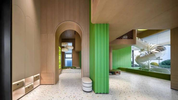 沐云川架空层高达6米,为孩子们打造了一个宽敞的探险乐园,下楼即享「小奈尔宝」般的欢乐天地,让小朋友们流连忘返,尽情享受攀爬与嬉戏的乐趣。
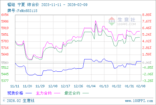 1、从2025-11-11 至 2026-02-09期间,锰硅主力基差最大值为-154.00,最小值为-406.00,平均值为-278.81。2、主力基差 = 现货价格 - 主力期货价格 = 主现期差。
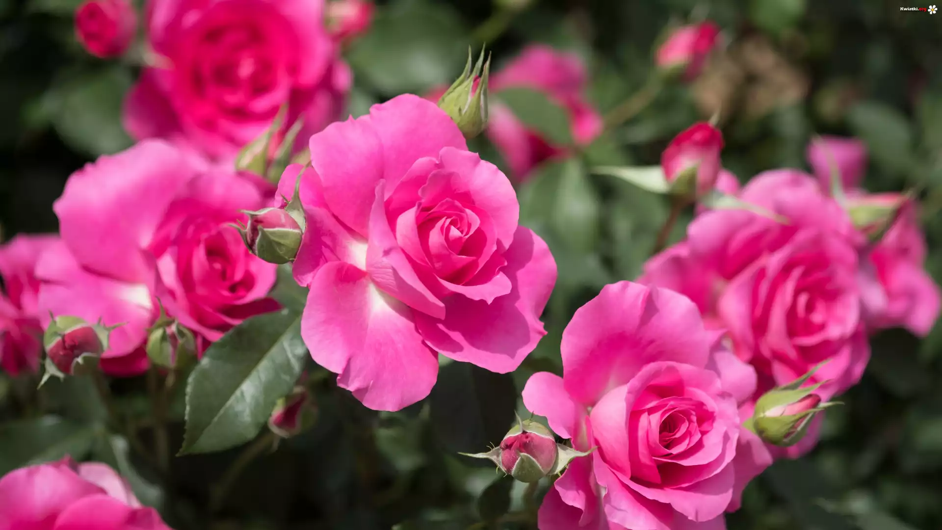 Krzew, Różowe, Róże, Liście - Zdjęcia
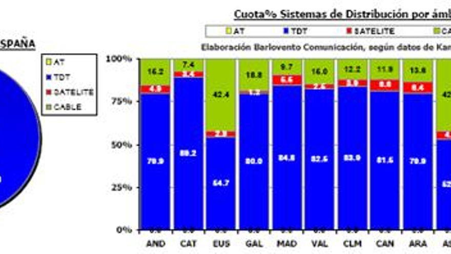 El consumo de TDT (81,3%) sube seis décimas y firma máximo mensual, mientras que el Cable (14,6%) y el Satélite (4,1%) bajan tres décimas cada una. Cataluña es la región que más consume a través de TDT, País Vasco y Asturias las que más lo hacen utilizando el Cable y Canarias el Satélite.
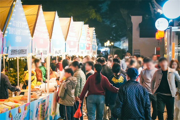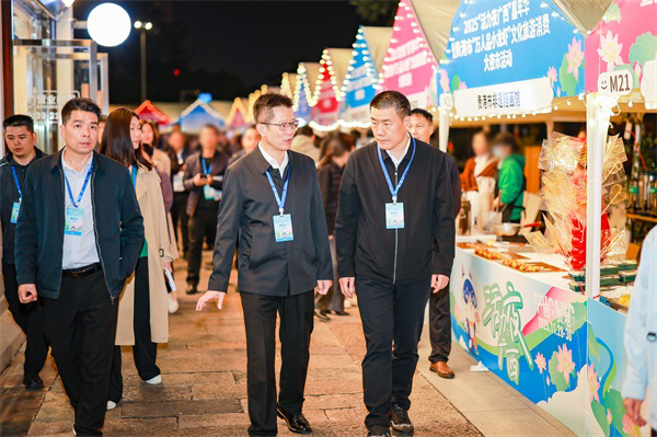 行至吾园商业街,领导们驻足多个摊位,与创作者、商户亲切交流,详细了解荷花主题文创产品的设计理念、市场反响及文化内涵,鼓励进一步挖掘本地特色资源,推动文创产品提质升级。走访过程中,领导还与现场身着古装的游客互动,听取了他们对夜游体验的直观感受和建议。
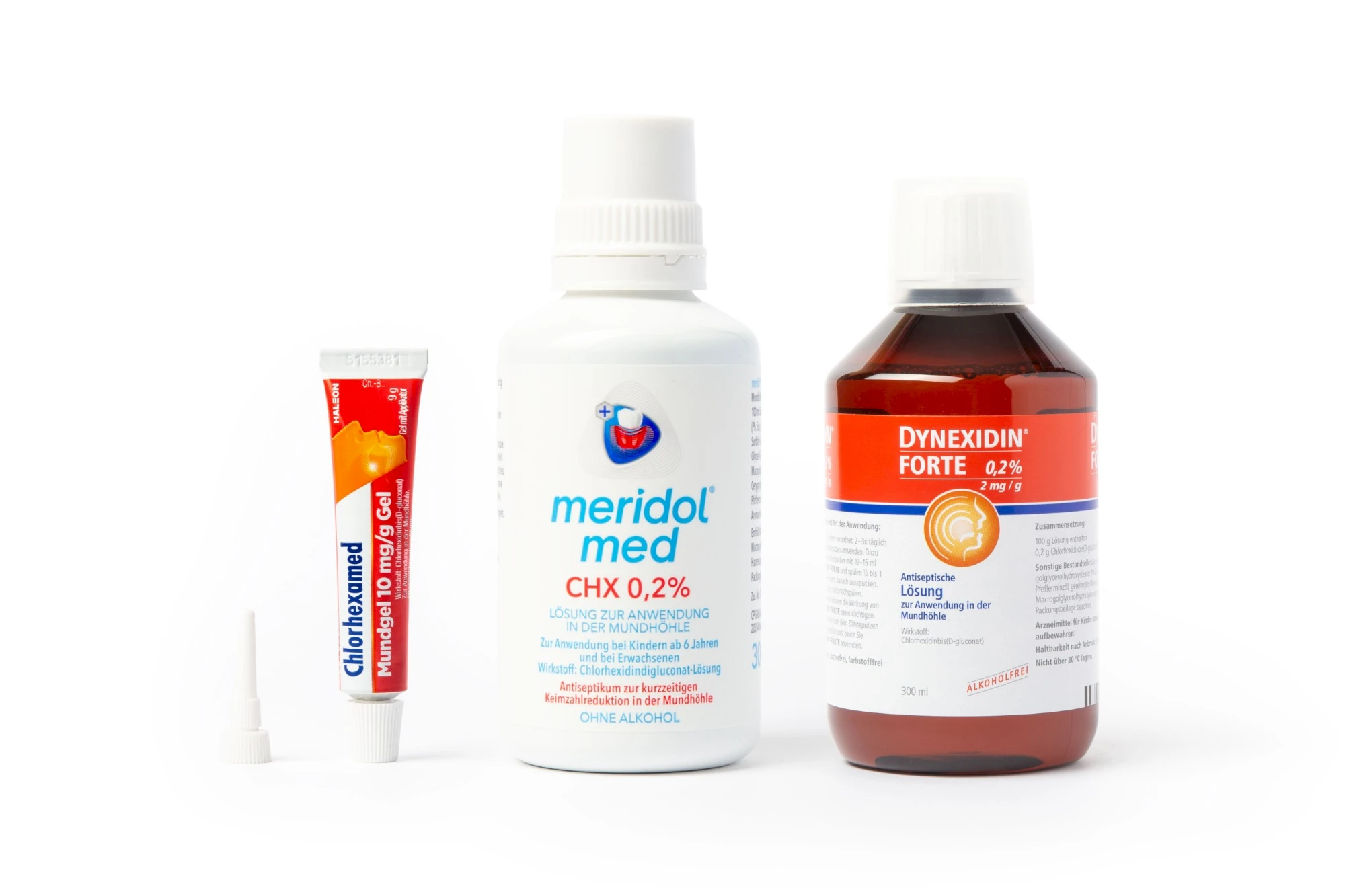 - Mundspüllösung bzw. Spray für die gesamte Mundhöhle
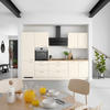 - Zubehör inklusive: E-Geräte, Spüle, Armatur, Soft-Close-System, Türdämpfung, Kohlefilter, Wandabschlussleiste
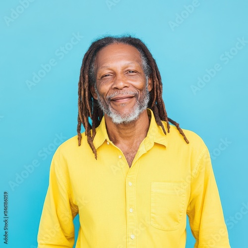 Portrait of a smiling Jamaican man in yellow shirt against blue
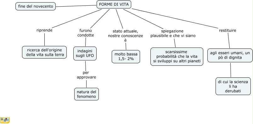 Questa Cmap, creata con IHMC CmapTools, contiene informazioni relative a: Forme di vita, FORME DI VITA ???? fine del novecento, FORME DI VITA restituire agli esseri umani, un pò di dignita, FORME DI VITA spiegazione plausibile e che vi siano scarsissime probabilità che la vita si sviluppi su altri pianeti, FORME DI VITA stato attuale, nostre conoscenze è molto bassa 1,5- 2%, indagini sugli UFO per approvare natura del fenomeno, FORME DI VITA riprende ricerca dell'origine della vita sulla terra, FORME DI VITA furono condotte indagini sugli UFO, agli esseri umani, un pò di dignita ???? di cui la scienza li ha derubati
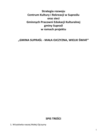 Strategia rozwoju Centrum Kultury i Rekreacji w Supraślu oraz sieci Gminnych Pracowni Edukacji Kulturalnej gminy Supraśl w ramach projektu „GMINA SUPRAŚL - MAŁA OJCZYZNA, WIELKI ŚWIAT” SPIS TREŚCI 1. Wizytówka naszej Małej Ojczyzny 1 2. Wizja Domu Kultury i jego roli w środowisku lokalnym 3. Misja naszego Domu Kultury 4. Analiza SWOT 5. Kierunki rozwoju naszego domu Kultury 6. Cele strategiczne 7. Jak tworzyliśmy to opracowanie? 1.Wizytówka Gminy Supraśl 2 Historia, zabytki W ostatnim roku XV-tego stulecia, do uroczyska Suchy Hrud w dawnej Puszczy Błudowskiej przybyli prawosławni mnisi. Tak rozpoczęła się historia Supraśla. Rozpoczęto budowę zespołu klasztornego, pierwotnie – prawosławnego, następnie –unickich bazylianów. Przez trzysta lat stanowił on fundament rozwoju miejscowości, zarówno gospodarczego, jak i kulturowego. Jego budowle, a zwłaszcza obronna cerkiew p.w Zwiastowania NMP dominowały w supraskim krajobrazie. W końcu XVII wieku powstała Oficyna Supraska, której staraniem drukowano alfabetem łacińskim i cyrylicą liturgiczne księgi jak również świeckie. Tu pierwszy raz wydano „ Pieśni nabożne” Franciszka Karpińskiego, polskie tłumaczenia „Podróży Guliwera” Jonathana Swifta i „Cyda” Piotra Corneille’a. Upadek Rzeczpospolitej Obojga Narodów, rządy zaborców najpierw pruskich, następnie – rosyjskich przerwały rozwój miasta. W latach trzydziestych XIX wieku, do Supraśla zjechali Wilhelm Zachert i Adolf Buchholtz – potentaci przemysłu włókienniczego ze Zgierza i Łodzi, jednocześnie przenosząc tu swoje zakłady. Powstały liczne warsztaty, manufaktury, fabryki Jansena, Alta, Aunerta, Cytrona. Wykorzystując obfitość otaczającej miasto puszczy rozwinął się również przemysł drzewny. W II Rzeczpospolitej szybko odrobiono wojenne straty. Ponownie Supraśl stał się dużym ośrodkiem przemysłowym. Również zauważono i zaczęto wykorzystywać walory uzdrowiskowe, wypoczynkowe, turystyczne miasta położonego w centrum Puszczy Knyszyńskiej. Okres II wojny światowej, okupacja sowiecka i nazistowska ponownie zahamowały rozwój Supraśla. Całkowicie zniszczono wszystkie zakłady włókiennicze. Represje okupantów spowodowały znaczne straty wśród mieszkańców, szczególnie wśród ludności żydowskiej. Ograbiono i zdewastowano zespół klasztorny i kościół ewangelicki. W lipcu 1944 r. wycofujące się wojska hitlerowskie wysadziły cerkiew Zwiastowania NMP. W latach 1984 – 2004 odbudowano gotycko – bizantyńską cerkiew obronną p.w. Zwiastowania NMP. Jej kopuły powróciły w supraski krajobraz. W 2007 r. w Pałacu Archimandrytów rozpoczęło działalność Muzeum Ikon. W jego ekspozycjach znajduje się ok. 300 eksponatów sztuki kościoła wschodniego, w tym fragmenty XVI - wiecznych fresków zdobiących pierwotnie cerkiew Zwiastowania NMP. W Supraślu znajduje się ponad 100 obiektów zabytkowych, z których aż 33 znajdują się w rejestrze zabytków. M.in.: Męski Klasztor Prawosławny p.w. Zwiastowania Najświętszej Marii Panny i Św. Jana Teologa. Założony przez prawosławnych mnichów w 1 500 r. z fundacji Aleksandra Chodkiewicza. W XVIII w znajdowała się tu drukarnia i biblioteka ojców bazylianów. W refektarzu i kaplicy mieści się obecnie muzeum. Brama – dzwonnica z 1752 r zamykająca dziedziniec klasztorny od strony zachodniej. Katakumby znajdują się obok klasztoru Stara poczta – XVIII w budynek dawnej poczty i karczmy Domy tkaczy z połowy XIX w przy ul. 3 Maja Pałac Buchholtzów wybudowany w latach 1892 – 1903, w którym mieści się obecnie Liceum Plastyczne im. A.Grottgera. Kościół katolicki pod wezwaniem Św. Trójcy przy ul. Piłsudskiego wybudowany w latach 1861 – 1863 Kościół poewangelicki z 1885 r przy ul. Piłsudskiego Budynek polskiej szkoły powszechnej zbudowany na początku XX w przez baronową Józefinę Zachert, obecny ratusz miejski 3 Kaplica drewniano-murowana z XIX w na cmentarzu parafialnym Kaplica grobowa Buchholtzów z 1904 r na cmentarzu parafialnym Mauzoleum Zachertów z 1885 r na cmentarzu parafialnym. Położenie Gmina Supraśl położona jest w północno-wschodniej Polsce, na terenie Wysoczyzny Białostockiej. Zajmuje powierzchnię 188 km2 . Blisko 70% powierzchni zajmują lasy Puszczy Knyszyńskiej. Najcenniejsze fragmenty przyrody są chronione w rezerwatach Parku Krajobrazowego Puszczy Knyszyńskiej, największego parku krajobrazowego w Polsce i zarazem największego obszaru chronionego o powierzchni około 150.000 ha. Przez teren gminy prowadzą ważne drogi krajowe: nr 66 Białystok – Bobrowniki (granica państwa) i nr 676 wiodąca do unikatowego szlaku Tatarskiego do Kruszynian. Rzeka Supraśl nie tylko urozmaica krajobraz i stwarza warunki do rozwoju turystyki kwalifikowanej, lecz stanowi także rezerwuar wody pitnej dla aglomeracji białostockiej. Miasto i gmina Supraśl jest jedną z kilku jednostek samorządu terytorialnego, wchodzącego w skład powiatu białostockiego, należącego do województwa podlaskiego. Do gminy, oprócz miasta Supraśl, należy siedemnaście sołectw: Ogrodniczki, Karakule, Ciasne, Grabówka, Zaścianki, Sobolewo, Sowlany, Henrykowo, Cieliczanka, Surażkowo, Sokołda, Woronicze, Łaźnie i Jałówka. Miasto Supraśl jest siedzibą gminy, liczy 4.524 mieszkańców, położone jest 15 km od Białegostoku, a od Warszawy dzieli je 200 km. Od 8 stycznia 2002 r. na mocy decyzji Ministra Zdrowia– Dz. U. Nr 1 z 2002 roku, Supraśl jest uzdrowiskiem, co plasuje tę miejscowość pośród 42 innych kurortów w Polsce. Położenie Supraśla w centrum Puszczy Knyszyńskiej, posiadanie statusu uzdrowiska, predysponuje miejscowość do odgrywania roli kulturotwórczej. Supraśl to miejsce szczególne – bliskie i odległe jednocześnie. Liczy jedynie 4,5 tysiąca mieszkańców, natomiast niespotykane gdzie indziej skupisko potencjału kulturalnego i społecznego w postaci: 3 szkół, w tym je
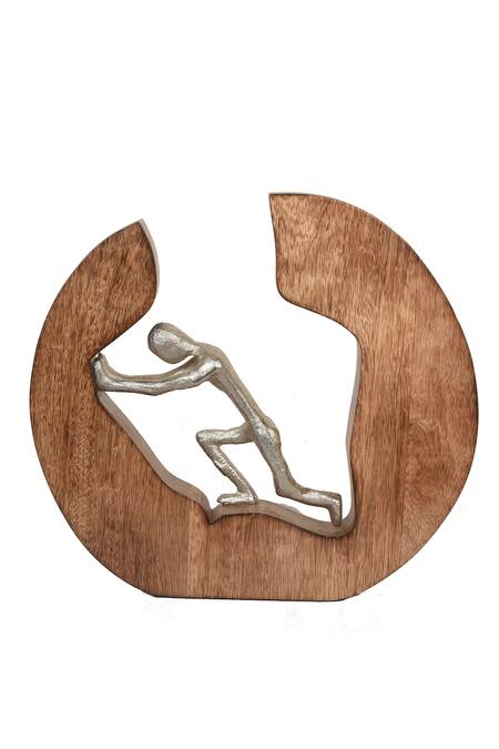 Brown Wood And Aluminium Man Pushing Limits Sculpture
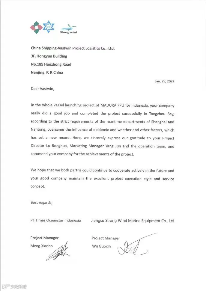 这是中国民营企业首次承接的高端海工项目,也是通州湾首例陆地建造整船下水项目,中海广瀛不负众望交上了令人满意的答卷,并获得了业主和客户的一致肯定,我们做到了一直希望的——成为您值得托付的伙伴!
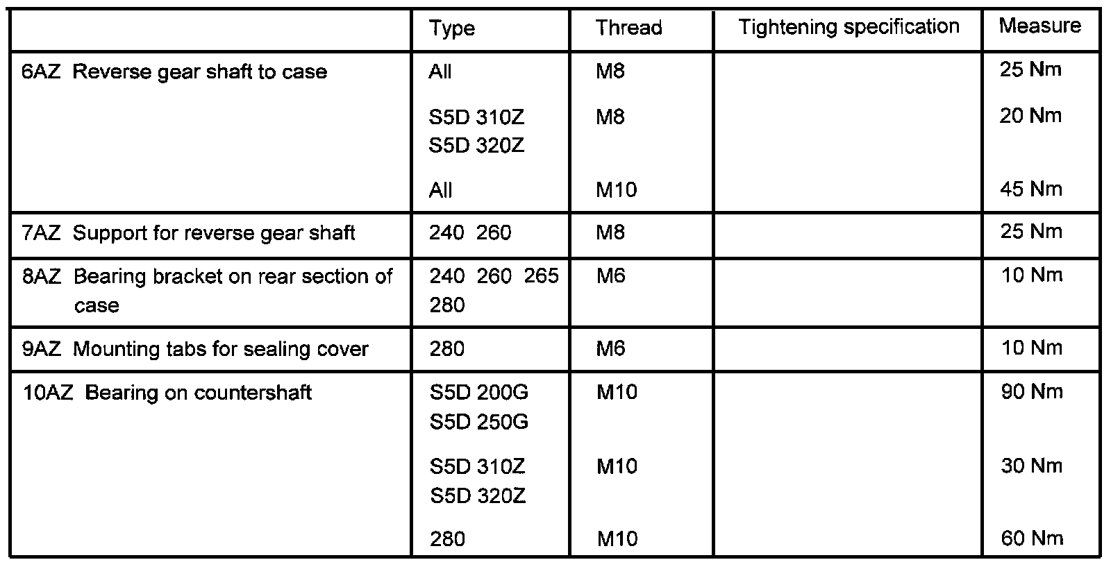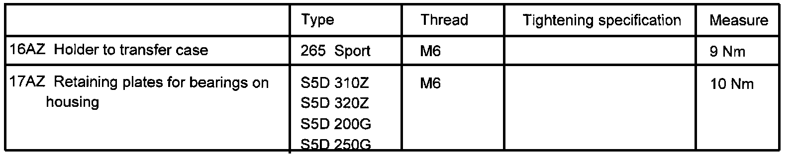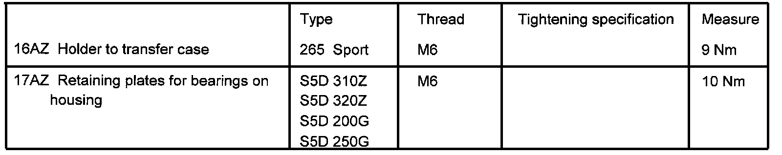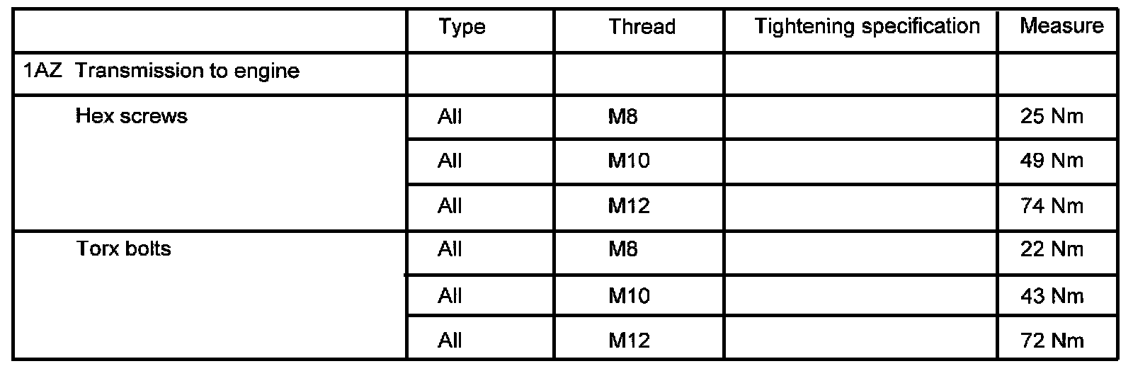 Tightening Torques
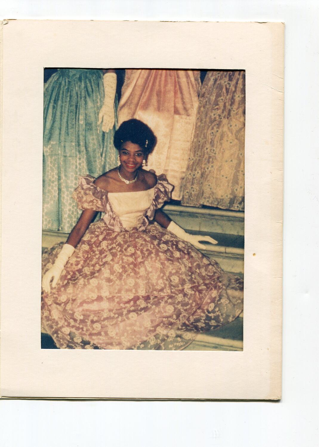 Colour photograph of Sylvia Boyes wearing a theatre costume housed in a folded card. It consists of a purple ball gown and silver jewellry. Sylvia was involved in the Eoan Group theatre company during the 1960s.
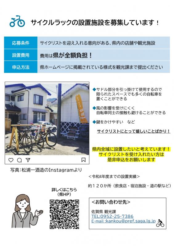 Tweet佐賀県では、サイクリストへの受入環境整備の一環としてサイクルラックの設置を進めており、
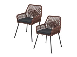 Juskys Rope Gartenstühle Kastos 2er Set – Outdoor Stuhl 150 kg belastbar – Gartenstuhl Braun

▶ _Task to complete_
A clean copy is needed of the lines above from the one with "El consumo de" up to and including the one with "Portrait of a". Please set it down exactly, with no pictures.

▶ _Task response_
 El consumo de TDT (81,3%) sube seis décimas y firma máximo mensual, mientras que el Cable (14,6%) y el Satélite (4,1%) bajan tres décimas cada una. Cataluña es la región que más consume a través de TDT, País Vasco y Asturias las que más lo hacen utilizando el Cable y Canarias el Satélite.
 行至吾园商业街,领导们驻足多个摊位,与创作者、商户亲切交流,详细了解荷花主题文创产品的设计理念、市场反响及文化内涵,鼓励进一步挖掘本地特色资源,推动文创产品提质升级。走访过程中,领导还与现场身着古装的游客互动,听取了他们对夜游体验的直观感受和建议。
 - Mundspüllösung bzw. Spray für die gesamte Mundhöhle
 - Zubehör inklusive: E-Geräte, Spüle, Armatur, Soft-Close-System, Türdämpfung, Kohlefilter, Wandabschlussleiste
 Portrait of a smiling Jamaican man in yellow shirt against blue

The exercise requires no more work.